* Required action: Copy exactly, please, the lines of the data from its start through the line containing "Matière : or".

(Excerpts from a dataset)
"""

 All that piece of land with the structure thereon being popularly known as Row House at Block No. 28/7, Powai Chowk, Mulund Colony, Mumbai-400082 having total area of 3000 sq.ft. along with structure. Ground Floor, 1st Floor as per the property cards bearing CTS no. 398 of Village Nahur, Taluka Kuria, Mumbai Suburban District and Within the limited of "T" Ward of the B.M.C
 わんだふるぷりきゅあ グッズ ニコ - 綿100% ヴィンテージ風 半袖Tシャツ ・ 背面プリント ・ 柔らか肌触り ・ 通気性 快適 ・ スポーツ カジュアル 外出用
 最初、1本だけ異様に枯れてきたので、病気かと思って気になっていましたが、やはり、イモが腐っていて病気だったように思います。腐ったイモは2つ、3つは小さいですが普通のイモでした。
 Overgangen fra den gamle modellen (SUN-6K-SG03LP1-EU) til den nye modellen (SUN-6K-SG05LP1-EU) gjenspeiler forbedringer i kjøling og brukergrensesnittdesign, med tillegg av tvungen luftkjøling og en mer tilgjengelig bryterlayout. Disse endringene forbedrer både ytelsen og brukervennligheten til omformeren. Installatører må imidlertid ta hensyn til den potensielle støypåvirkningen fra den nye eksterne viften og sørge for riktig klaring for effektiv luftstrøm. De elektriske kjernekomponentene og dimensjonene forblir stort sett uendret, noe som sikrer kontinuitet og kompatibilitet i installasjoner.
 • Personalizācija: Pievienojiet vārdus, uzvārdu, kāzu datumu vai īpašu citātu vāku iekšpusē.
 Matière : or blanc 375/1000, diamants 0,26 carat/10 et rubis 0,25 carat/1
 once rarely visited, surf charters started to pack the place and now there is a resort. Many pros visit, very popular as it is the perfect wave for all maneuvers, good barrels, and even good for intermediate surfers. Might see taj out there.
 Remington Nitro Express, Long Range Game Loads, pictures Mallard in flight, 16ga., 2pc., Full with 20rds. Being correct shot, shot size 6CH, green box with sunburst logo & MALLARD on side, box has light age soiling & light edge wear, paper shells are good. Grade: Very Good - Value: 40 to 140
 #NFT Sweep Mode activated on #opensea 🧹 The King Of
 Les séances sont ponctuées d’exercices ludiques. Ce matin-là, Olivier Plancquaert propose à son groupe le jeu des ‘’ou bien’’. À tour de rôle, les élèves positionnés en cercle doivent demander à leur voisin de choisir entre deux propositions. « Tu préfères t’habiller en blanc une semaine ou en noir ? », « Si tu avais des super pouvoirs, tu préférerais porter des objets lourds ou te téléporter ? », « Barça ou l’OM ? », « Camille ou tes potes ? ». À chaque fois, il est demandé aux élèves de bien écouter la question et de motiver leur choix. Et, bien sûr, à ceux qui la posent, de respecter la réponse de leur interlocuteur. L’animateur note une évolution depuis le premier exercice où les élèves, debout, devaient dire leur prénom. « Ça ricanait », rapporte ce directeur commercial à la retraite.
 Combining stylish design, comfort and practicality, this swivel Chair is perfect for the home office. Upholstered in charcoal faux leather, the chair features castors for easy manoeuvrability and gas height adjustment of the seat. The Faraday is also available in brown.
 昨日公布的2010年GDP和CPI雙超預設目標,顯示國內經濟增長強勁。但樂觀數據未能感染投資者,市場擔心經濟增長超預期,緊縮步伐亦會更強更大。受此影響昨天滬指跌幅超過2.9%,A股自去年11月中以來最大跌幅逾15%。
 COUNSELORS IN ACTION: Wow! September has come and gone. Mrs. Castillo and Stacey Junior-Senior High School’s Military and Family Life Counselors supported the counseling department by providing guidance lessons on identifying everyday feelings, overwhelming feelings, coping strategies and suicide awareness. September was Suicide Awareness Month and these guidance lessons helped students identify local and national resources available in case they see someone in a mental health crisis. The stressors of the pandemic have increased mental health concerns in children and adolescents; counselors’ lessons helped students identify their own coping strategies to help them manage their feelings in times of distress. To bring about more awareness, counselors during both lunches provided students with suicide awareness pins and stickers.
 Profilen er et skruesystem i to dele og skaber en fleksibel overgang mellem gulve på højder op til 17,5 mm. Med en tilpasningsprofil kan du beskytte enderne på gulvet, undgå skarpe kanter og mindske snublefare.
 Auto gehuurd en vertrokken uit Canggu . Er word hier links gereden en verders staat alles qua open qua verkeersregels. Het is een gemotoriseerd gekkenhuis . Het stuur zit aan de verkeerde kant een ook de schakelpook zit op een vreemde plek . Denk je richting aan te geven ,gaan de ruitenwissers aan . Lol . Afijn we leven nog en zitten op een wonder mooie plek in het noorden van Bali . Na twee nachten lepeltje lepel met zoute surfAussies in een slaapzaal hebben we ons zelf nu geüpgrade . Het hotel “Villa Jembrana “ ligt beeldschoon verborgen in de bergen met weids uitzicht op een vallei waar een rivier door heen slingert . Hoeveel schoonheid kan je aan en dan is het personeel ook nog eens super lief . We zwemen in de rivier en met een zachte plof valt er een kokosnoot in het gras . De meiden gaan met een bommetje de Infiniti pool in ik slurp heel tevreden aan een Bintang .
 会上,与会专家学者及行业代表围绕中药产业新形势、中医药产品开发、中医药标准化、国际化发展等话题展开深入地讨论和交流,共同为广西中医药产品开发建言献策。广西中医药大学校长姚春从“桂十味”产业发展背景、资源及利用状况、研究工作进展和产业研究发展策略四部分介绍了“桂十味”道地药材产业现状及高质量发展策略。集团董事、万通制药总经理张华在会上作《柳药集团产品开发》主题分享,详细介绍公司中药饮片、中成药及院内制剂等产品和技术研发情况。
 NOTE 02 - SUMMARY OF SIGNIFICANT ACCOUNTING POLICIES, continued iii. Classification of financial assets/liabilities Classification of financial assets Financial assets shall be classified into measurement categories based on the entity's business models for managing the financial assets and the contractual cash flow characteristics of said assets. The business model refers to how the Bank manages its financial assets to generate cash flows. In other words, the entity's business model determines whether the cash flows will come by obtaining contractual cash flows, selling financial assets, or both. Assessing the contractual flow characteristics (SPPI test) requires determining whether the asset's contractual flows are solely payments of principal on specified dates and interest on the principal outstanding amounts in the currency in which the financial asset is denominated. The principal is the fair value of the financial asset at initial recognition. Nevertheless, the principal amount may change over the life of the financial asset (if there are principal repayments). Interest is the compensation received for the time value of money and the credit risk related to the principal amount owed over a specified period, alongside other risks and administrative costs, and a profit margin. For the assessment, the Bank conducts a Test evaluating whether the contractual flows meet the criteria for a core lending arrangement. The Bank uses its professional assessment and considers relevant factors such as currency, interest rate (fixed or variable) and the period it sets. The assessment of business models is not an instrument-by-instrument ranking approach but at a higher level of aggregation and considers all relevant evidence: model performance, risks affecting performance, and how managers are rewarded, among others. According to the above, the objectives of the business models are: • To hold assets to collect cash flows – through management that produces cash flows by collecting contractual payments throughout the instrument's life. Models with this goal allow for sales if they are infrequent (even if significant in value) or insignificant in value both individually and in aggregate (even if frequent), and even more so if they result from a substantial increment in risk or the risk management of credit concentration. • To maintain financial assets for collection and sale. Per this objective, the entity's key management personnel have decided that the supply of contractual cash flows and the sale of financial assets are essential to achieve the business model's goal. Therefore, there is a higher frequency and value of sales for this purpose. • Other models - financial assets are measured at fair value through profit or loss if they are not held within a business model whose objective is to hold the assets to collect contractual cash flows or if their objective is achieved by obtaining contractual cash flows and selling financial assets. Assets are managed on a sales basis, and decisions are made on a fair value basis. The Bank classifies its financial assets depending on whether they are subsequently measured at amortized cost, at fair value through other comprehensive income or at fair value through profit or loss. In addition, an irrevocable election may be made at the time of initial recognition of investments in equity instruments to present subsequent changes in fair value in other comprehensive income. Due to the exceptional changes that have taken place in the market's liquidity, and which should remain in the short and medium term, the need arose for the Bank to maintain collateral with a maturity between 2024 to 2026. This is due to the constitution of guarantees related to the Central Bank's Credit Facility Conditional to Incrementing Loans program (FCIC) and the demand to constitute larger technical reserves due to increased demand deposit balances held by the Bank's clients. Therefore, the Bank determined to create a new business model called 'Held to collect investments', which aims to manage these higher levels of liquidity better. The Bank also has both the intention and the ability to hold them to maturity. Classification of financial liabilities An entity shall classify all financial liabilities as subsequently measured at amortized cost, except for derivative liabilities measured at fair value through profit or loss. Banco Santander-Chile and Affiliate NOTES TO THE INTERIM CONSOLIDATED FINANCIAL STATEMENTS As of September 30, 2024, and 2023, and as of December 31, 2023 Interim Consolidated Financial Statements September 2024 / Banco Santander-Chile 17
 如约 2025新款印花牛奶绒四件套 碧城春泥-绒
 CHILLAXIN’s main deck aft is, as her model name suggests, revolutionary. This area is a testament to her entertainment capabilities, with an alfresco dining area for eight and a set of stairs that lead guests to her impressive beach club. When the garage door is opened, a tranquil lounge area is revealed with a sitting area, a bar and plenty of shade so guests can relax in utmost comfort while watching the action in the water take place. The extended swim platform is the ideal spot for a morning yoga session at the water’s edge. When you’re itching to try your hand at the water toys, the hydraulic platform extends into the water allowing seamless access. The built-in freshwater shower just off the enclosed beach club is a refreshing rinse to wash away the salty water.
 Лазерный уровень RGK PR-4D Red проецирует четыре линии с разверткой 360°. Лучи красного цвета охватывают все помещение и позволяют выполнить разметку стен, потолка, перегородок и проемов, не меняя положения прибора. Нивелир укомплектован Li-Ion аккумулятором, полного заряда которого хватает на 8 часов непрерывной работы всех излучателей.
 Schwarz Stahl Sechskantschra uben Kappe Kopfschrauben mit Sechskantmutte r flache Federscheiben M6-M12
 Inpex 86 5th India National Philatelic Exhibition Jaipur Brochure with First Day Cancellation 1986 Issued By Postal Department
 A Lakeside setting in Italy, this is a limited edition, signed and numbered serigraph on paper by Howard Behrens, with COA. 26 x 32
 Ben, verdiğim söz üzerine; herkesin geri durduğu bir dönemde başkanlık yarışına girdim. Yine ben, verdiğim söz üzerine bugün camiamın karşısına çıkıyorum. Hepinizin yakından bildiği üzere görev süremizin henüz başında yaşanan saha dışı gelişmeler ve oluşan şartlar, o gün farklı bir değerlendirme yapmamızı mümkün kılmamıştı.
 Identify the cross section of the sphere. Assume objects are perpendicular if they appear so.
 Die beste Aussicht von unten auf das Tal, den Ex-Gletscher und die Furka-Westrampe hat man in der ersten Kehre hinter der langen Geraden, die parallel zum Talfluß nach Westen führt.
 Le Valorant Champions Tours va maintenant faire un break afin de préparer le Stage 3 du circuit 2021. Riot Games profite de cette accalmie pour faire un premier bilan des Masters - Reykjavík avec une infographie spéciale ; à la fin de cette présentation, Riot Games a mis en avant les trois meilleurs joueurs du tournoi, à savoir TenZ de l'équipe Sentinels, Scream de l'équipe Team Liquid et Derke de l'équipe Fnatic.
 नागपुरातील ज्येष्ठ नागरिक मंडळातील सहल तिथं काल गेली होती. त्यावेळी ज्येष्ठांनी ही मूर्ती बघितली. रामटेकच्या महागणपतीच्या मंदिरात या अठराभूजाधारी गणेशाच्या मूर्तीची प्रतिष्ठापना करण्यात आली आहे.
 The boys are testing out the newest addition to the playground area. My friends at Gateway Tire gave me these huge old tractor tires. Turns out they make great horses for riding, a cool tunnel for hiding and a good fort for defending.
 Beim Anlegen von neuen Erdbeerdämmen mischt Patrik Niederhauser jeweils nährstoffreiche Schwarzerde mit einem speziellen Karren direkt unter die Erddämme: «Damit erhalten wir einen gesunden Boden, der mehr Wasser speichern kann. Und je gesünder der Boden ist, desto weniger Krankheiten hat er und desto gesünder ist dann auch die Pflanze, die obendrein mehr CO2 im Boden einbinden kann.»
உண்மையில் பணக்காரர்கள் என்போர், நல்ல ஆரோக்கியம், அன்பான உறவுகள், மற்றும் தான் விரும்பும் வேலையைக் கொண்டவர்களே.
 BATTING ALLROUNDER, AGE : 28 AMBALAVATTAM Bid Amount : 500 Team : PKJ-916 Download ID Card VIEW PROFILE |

"""

* Solution to this exercise:
 All that piece of land with the structure thereon being popularly known as Row House at Block No. 28/7, Powai Chowk, Mulund Colony, Mumbai-400082 having total area of 3000 sq.ft. along with structure. Ground Floor, 1st Floor as per the property cards bearing CTS no. 398 of Village Nahur, Taluka Kuria, Mumbai Suburban District and Within the limited of "T" Ward of the B.M.C
 わんだふるぷりきゅあ グッズ ニコ - 綿100% ヴィンテージ風 半袖Tシャツ ・ 背面プリント ・ 柔らか肌触り ・ 通気性 快適 ・ スポーツ カジュアル 外出用
 最初、1本だけ異様に枯れてきたので、病気かと思って気になっていましたが、やはり、イモが腐っていて病気だったように思います。腐ったイモは2つ、3つは小さいですが普通のイモでした。
 Overgangen fra den gamle modellen (SUN-6K-SG03LP1-EU) til den nye modellen (SUN-6K-SG05LP1-EU) gjenspeiler forbedringer i kjøling og brukergrensesnittdesign, med tillegg av tvungen luftkjøling og en mer tilgjengelig bryterlayout. Disse endringene forbedrer både ytelsen og brukervennligheten til omformeren. Installatører må imidlertid ta hensyn til den potensielle støypåvirkningen fra den nye eksterne viften og sørge for riktig klaring for effektiv luftstrøm. De elektriske kjernekomponentene og dimensjonene forblir stort sett uendret, noe som sikrer kontinuitet og kompatibilitet i installasjoner.
 • Personalizācija: Pievienojiet vārdus, uzvārdu, kāzu datumu vai īpašu citātu vāku iekšpusē.
 Matière : or blanc 375/1000, diamants 0,26 carat/10 et rubis 0,25 carat/1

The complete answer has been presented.